WORK TO BE COMPLETED » In your copy of the listing below, reproduce each word exactly and include no pictures.

*** COLLECTED DATA

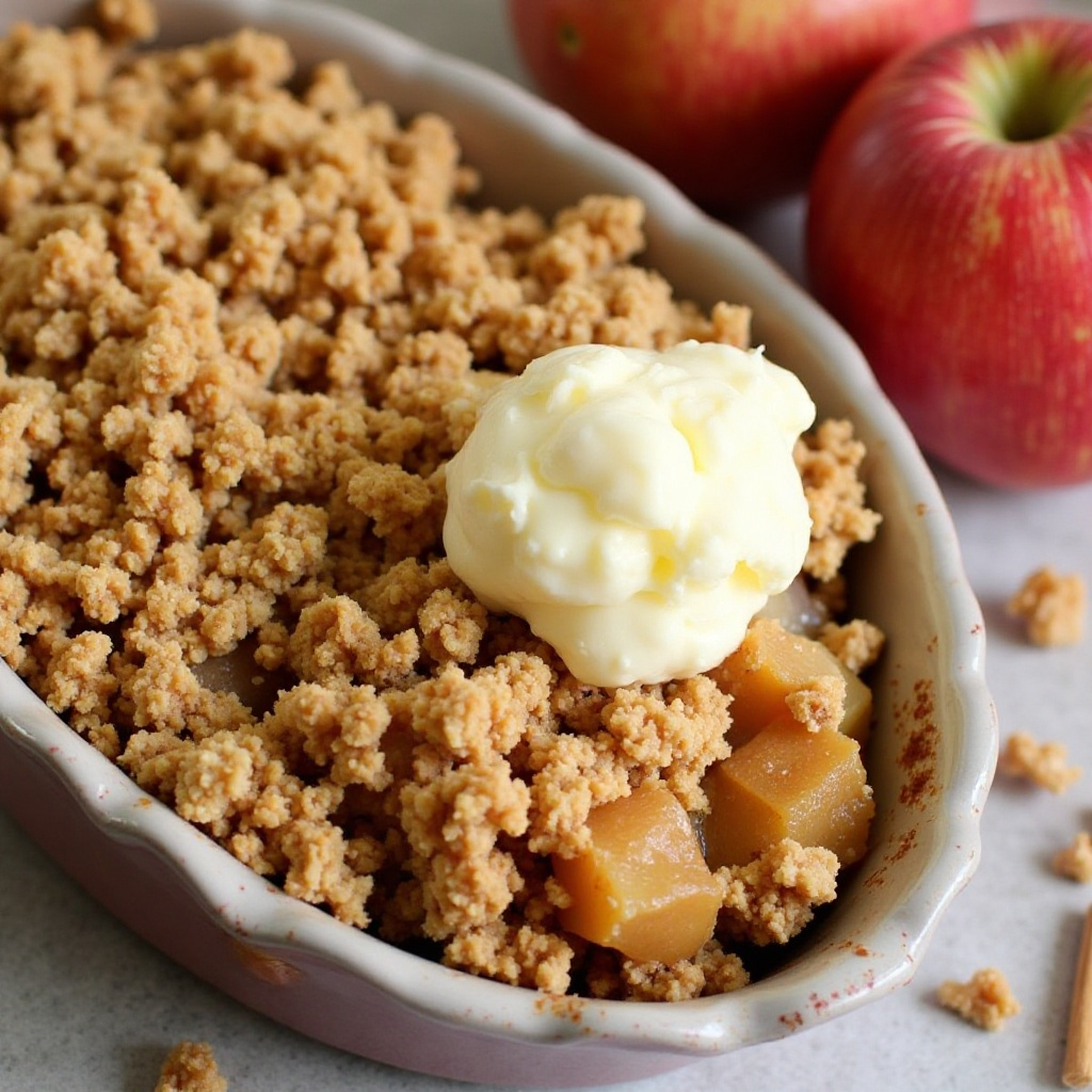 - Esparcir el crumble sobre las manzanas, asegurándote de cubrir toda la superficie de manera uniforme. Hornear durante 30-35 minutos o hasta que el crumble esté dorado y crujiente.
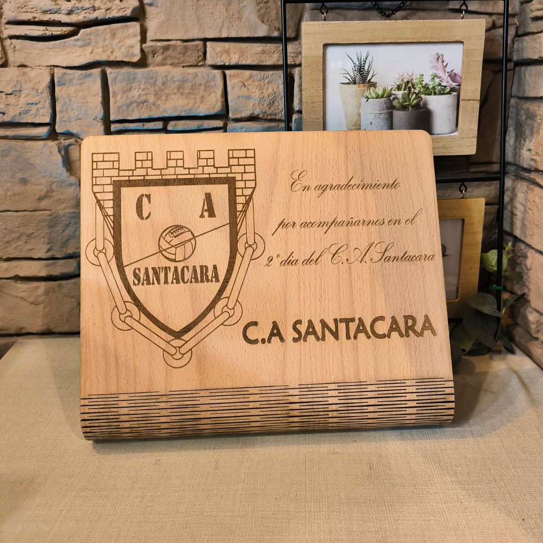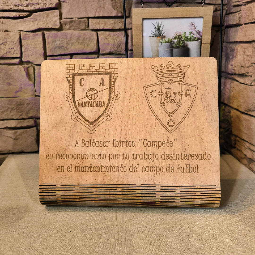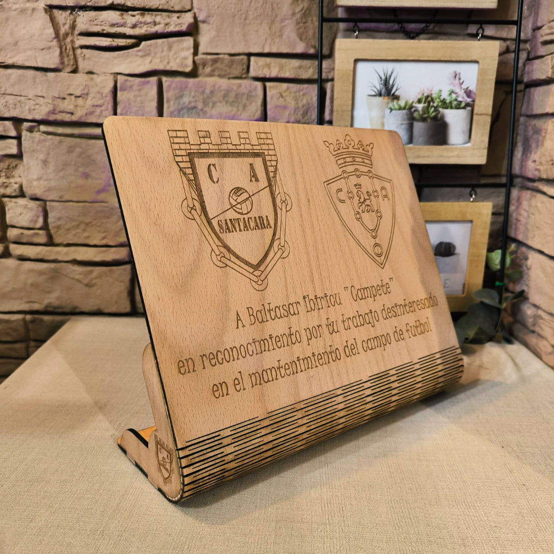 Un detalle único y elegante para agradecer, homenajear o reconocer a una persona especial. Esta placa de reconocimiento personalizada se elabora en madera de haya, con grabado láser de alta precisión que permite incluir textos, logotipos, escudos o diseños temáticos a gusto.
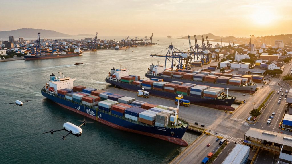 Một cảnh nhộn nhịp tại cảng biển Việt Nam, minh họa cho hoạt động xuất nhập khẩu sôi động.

******

ANSWER TO THE PROBLEM »
 - Esparcir el crumble sobre las manzanas, asegurándote de cubrir toda la superficie de manera uniforme. Hornear durante 30-35 minutos o hasta que el crumble esté dorado y crujiente.
 Un detalle único y elegante para agradecer, homenajear o reconocer a una persona especial. Esta placa de reconocimiento personalizada se elabora en madera de haya, con grabado láser de alta precisión que permite incluir textos, logotipos, escudos o diseños temáticos a gusto.
 Một cảnh nhộn nhịp tại cảng biển Việt Nam, minh họa cho hoạt động xuất nhập khẩu sôi động.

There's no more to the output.